Mrs. Kerr is doing something similar in the chorus, separating the students into quartets and letting them choose a holiday carol to record. “Cayuga County Music Educators Association is doing All-County virtually this year, and any student in the appropriate age groups are able to send a video in for that and participate,” Kerr additionally explains. “And we will have some opportunities like that for just Weedsport students. We’re working hard with administrators for opportunities and tools that will make everything easier, as well.”


Both Kerr and Veiga have admitted that, although workshopping music around COVID-19 has not been easy and certainly not ideal, there are a few upsides to having a change of pace in classes. “It’s a little nice not having to focus on a concert,” Mr. Veiga said. “We still have a sort of concert with everything we have planned for recording, but it’s not the same. This is the first time in my career that I don’t have a concert to drill for every couple of months. We don’t have to work on every piece being concert-ready within a few months–I can send students in to do something or work on something just to help them get better.”
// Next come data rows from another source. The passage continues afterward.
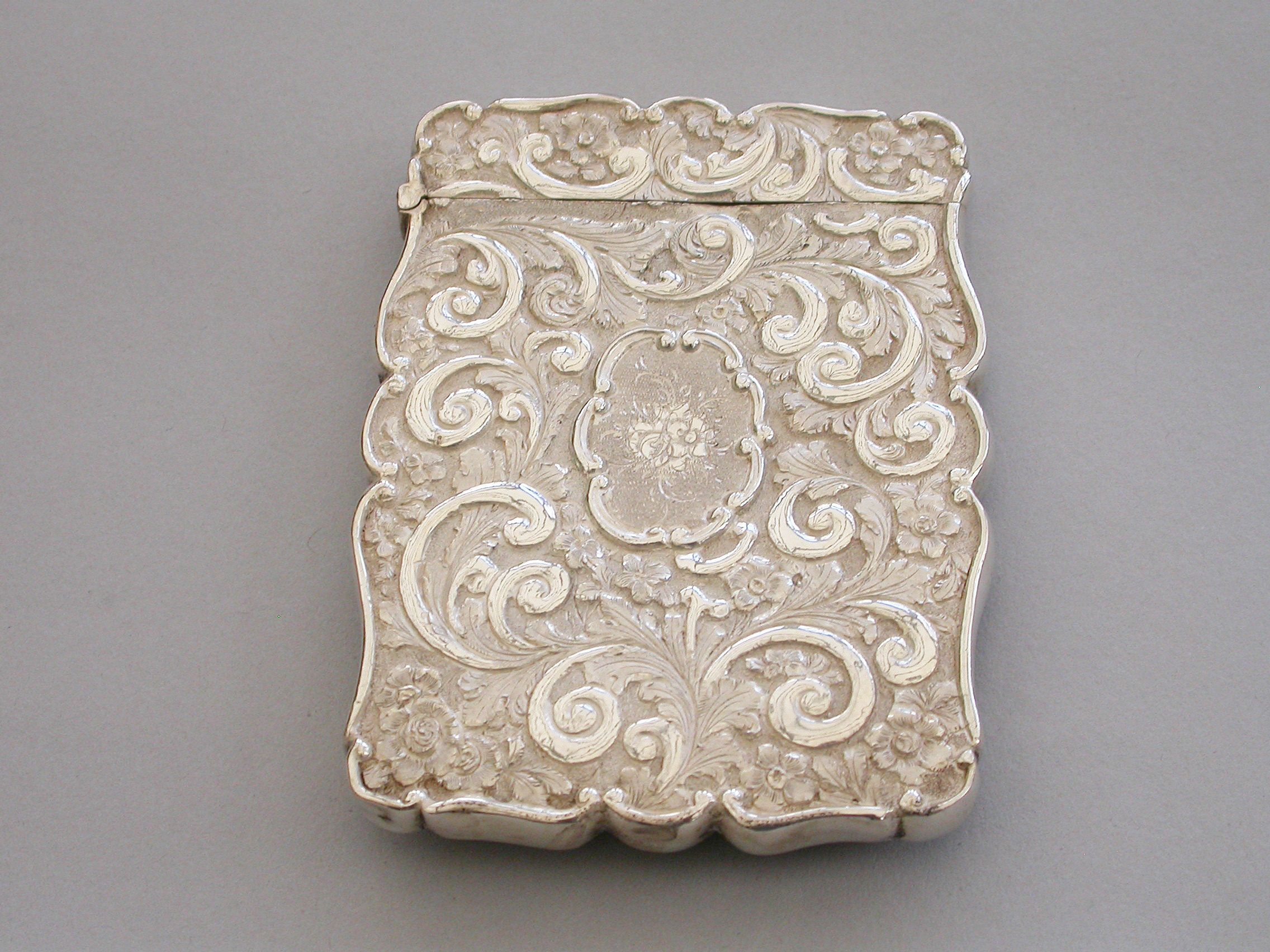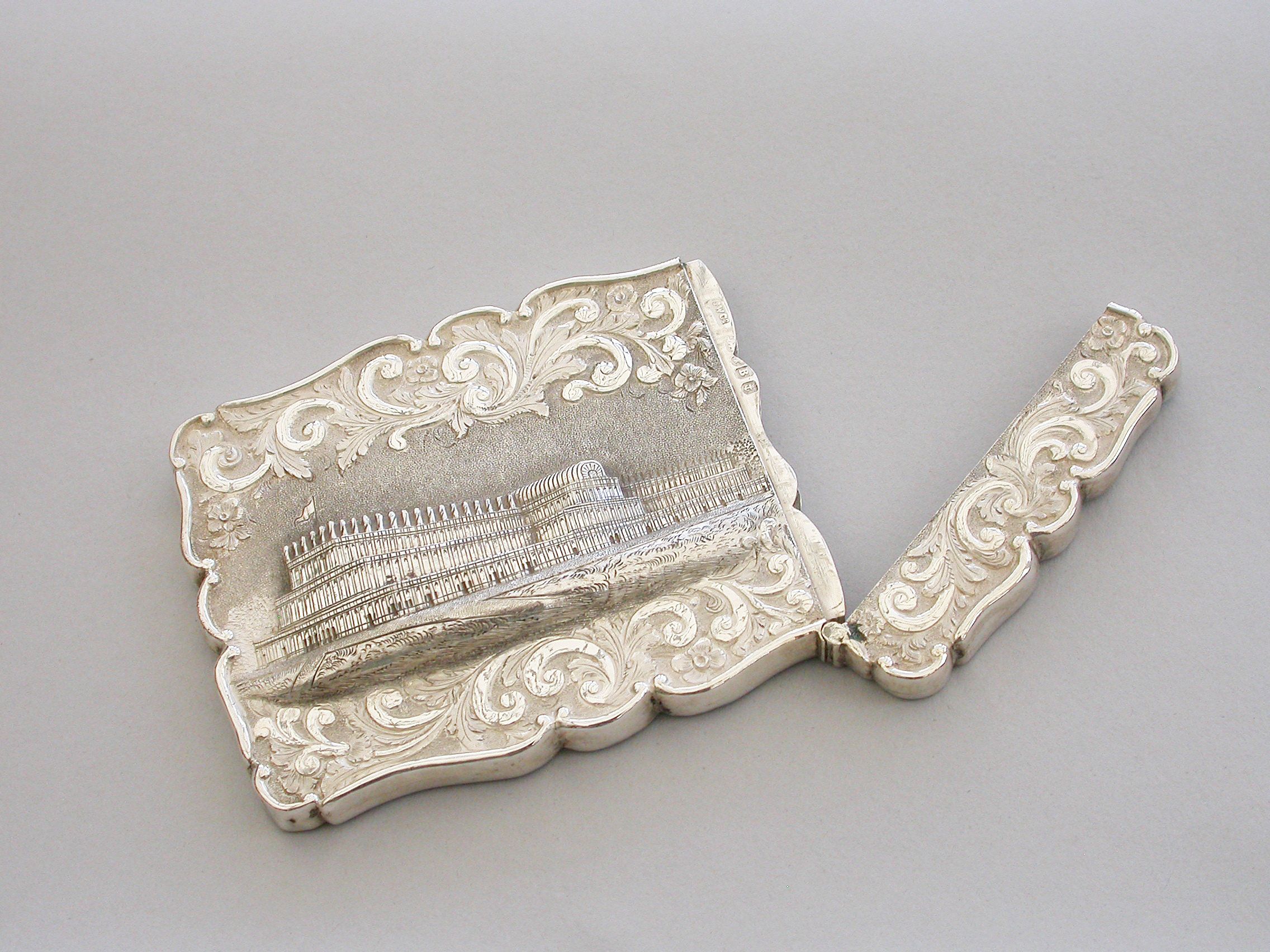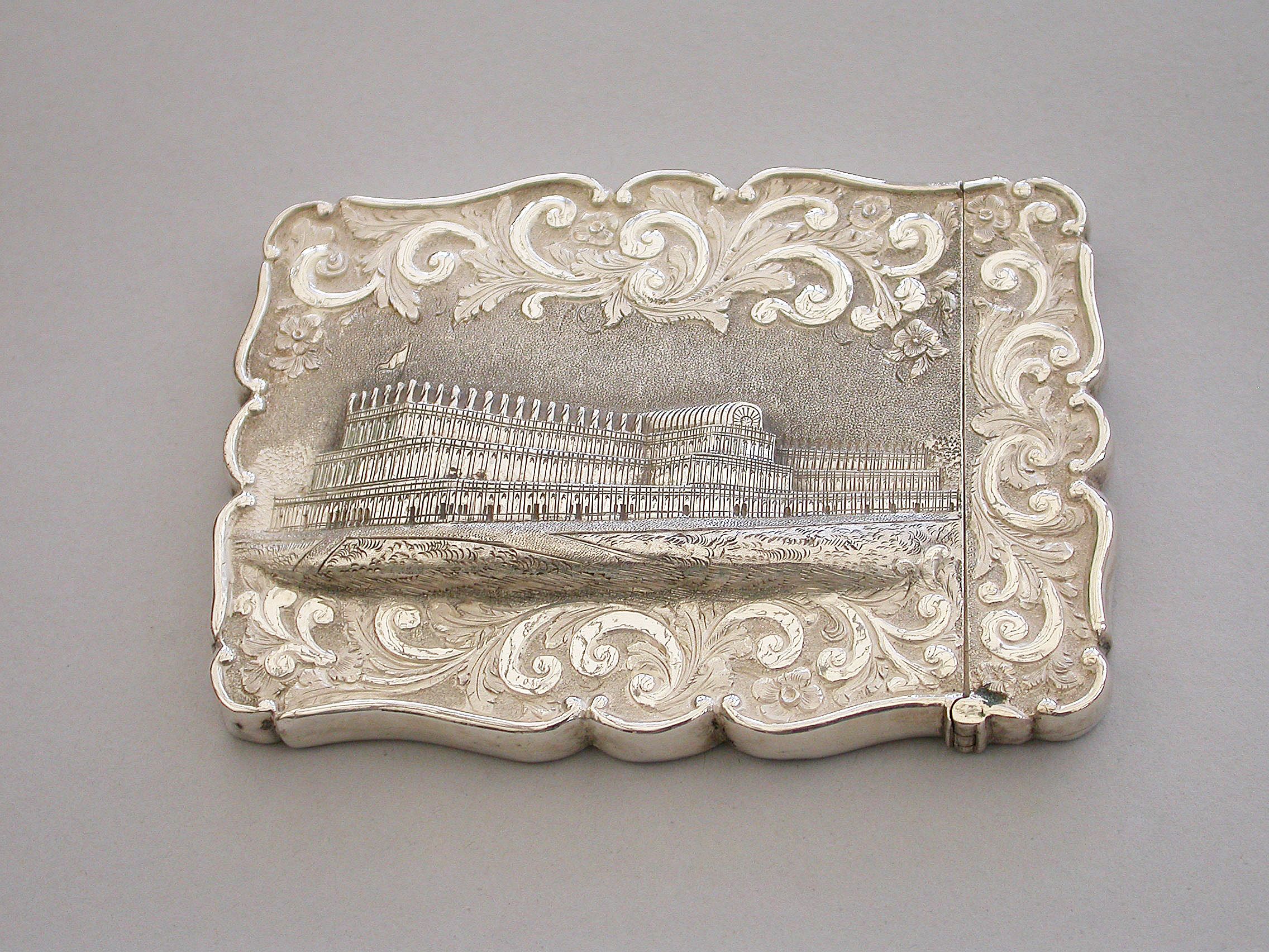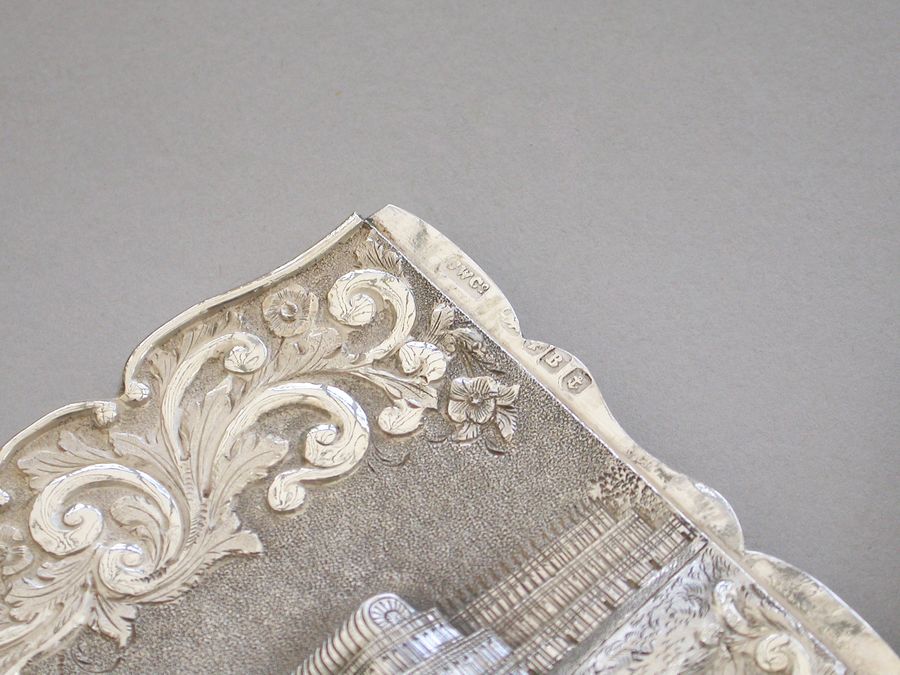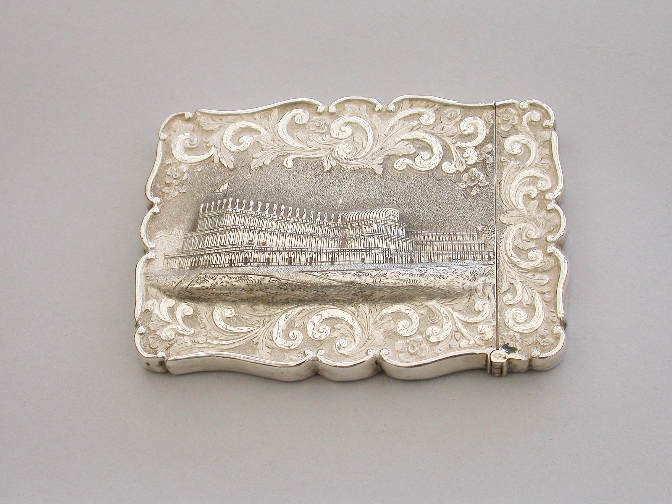 A fine quality Victorian silver castle-top Card Case of shaped rectangular form with hinged lid, chased and embossed with foliate scroll decoration to both sides, the front embossed with a scene depicting Crystal Palace in high relief and in landscape rather than portrait format.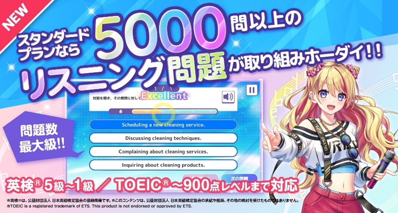 9月中旬に新機能「リスニング」が搭載されます。英検®5級~1級レベル、TOEIC®900点レベルまで対応した実戦形式で、5000問以上を出題します。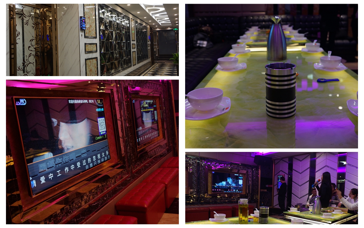 不是说好来吃饭吗?怎么进来了一家KTV? KTV的大厅,KTV的走廊,KTV的装潢,KTV的包厢 这显然就是一家装修豪华的KTV啊!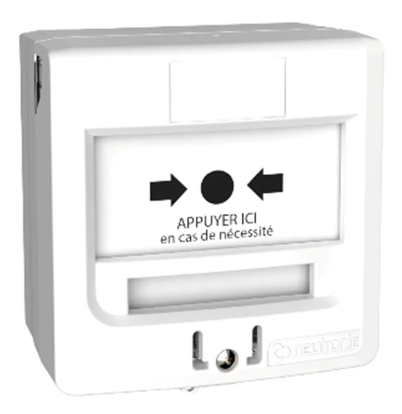 Accueil / Boutique / INCENDIE / PERIPHERIQUES / DECLENCHEURS MANUELS / DM 1 contact en saillie ou encastrable BLANC « APPUYER ICI »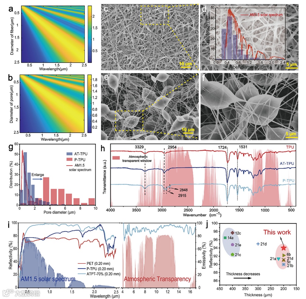 ATPT-70%的光学性能显著超越传统材料:双层膜在300-2500nm波段平均反射率达94%,较商用聚酯纺织品(PET, 73.1%)提升28.8%。其反射谱拓宽源于多级散射机制——仿真模拟显示(图2a-b),0.1-2.5μm纤维与0.1-6μm孔洞协同覆盖了太阳光谱峰值区域。热管理性能方面,P-TPU层相变焓值达111.8J/g,100次冷热循环后仍保持96.3%的焓值(图3b-c),28℃相变温度精准匹配人体舒适区。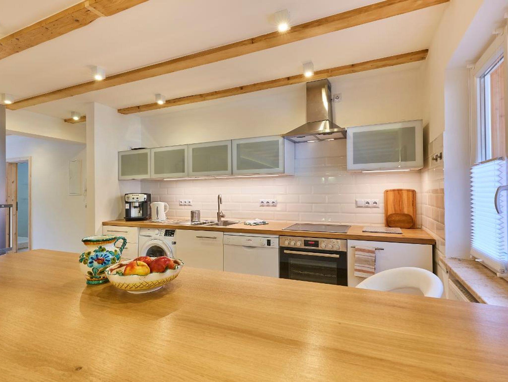 Eine weitgehend offen gestaltete Loft mit großem Wohn-Essbereich und Zugang zum Südbalkon. Zwei Schlafzimmer (mit Doppelbett und zwei Einzelbetten) liegen auf der Rückseite des Hauses zur kleinen Defernik hin gelegen, deren leichtes Rauschen zu hören ist. Das Bad verfügt über eine eigene Sauna. Die komplett eingerichtete Küche verfügt über einen Kühlschrank mit Gefrierfach, Wasch- und Spülmaschine und natürlich ein Kaffeevollautomat. Die Wohnung ist ausgestattet mit vier Boxspringbetten, die bei Bedarf auch zu zwei Doppelbetten umgestellt werden können.

Mrs. Kerr also enjoys the social aspect that comes with the change in classes and schedules. “Especially with the 7-9th graders, we have to be more disciplined within the class in order to get work done because they’re younger, but because it’s a smaller group now, if they want to make a joke or talk to me for a few minutes, there’s a bit more wiggle room,” she said. “We’ve always sort of been able to do that with the 10-12th graders, but it’s good.”


“I’m able to make connections with them too, which is great,” Kerr says about the students who take music classes entirely virtual. “If they come to their lessons, we still have that one-on-one or small group lesson where I get to know them. I’m grateful I can still do that.”


“I just want them to get better this year,” Mr. Veiga says when asked about what he expects from his students during the recent changes. “I expect them to be practicing, it’s been eight months since they’d picked their instruments up, so I completely understand that they weren’t where they’d normally be at the beginning of the year. Instead of losing two or three months, they lost six. My goal is to get them back to where they were.”

The music department has made a very concentrated effort to understand some of the pressure that students have had to deal with during the time of Coronavirus, and have been shaping their curriculum around keeping them involved in music with high enthusiasm while still recognizing that there are going to be factors that have changed.

Most every facet of life and school specifically has changed in some shape or form during the pandemic. No one could have predicted masks, or widespread quarantines, or fully remote learning/teaching. While there are many different crutches for people to lean on to get through such stress, for many in the performing arts department, music was that crutch. Things might not be exactly the same, and there are still day-to-day frustrations that students and teachers alike are learning how to deal with, but in the end, it’s important to find a place where people are using the same crutch as you.


Mrs. Kerr states it best: “We’re finding ways to give students that sense of singing and making music in a community, and being together, because that’s what they need right now.”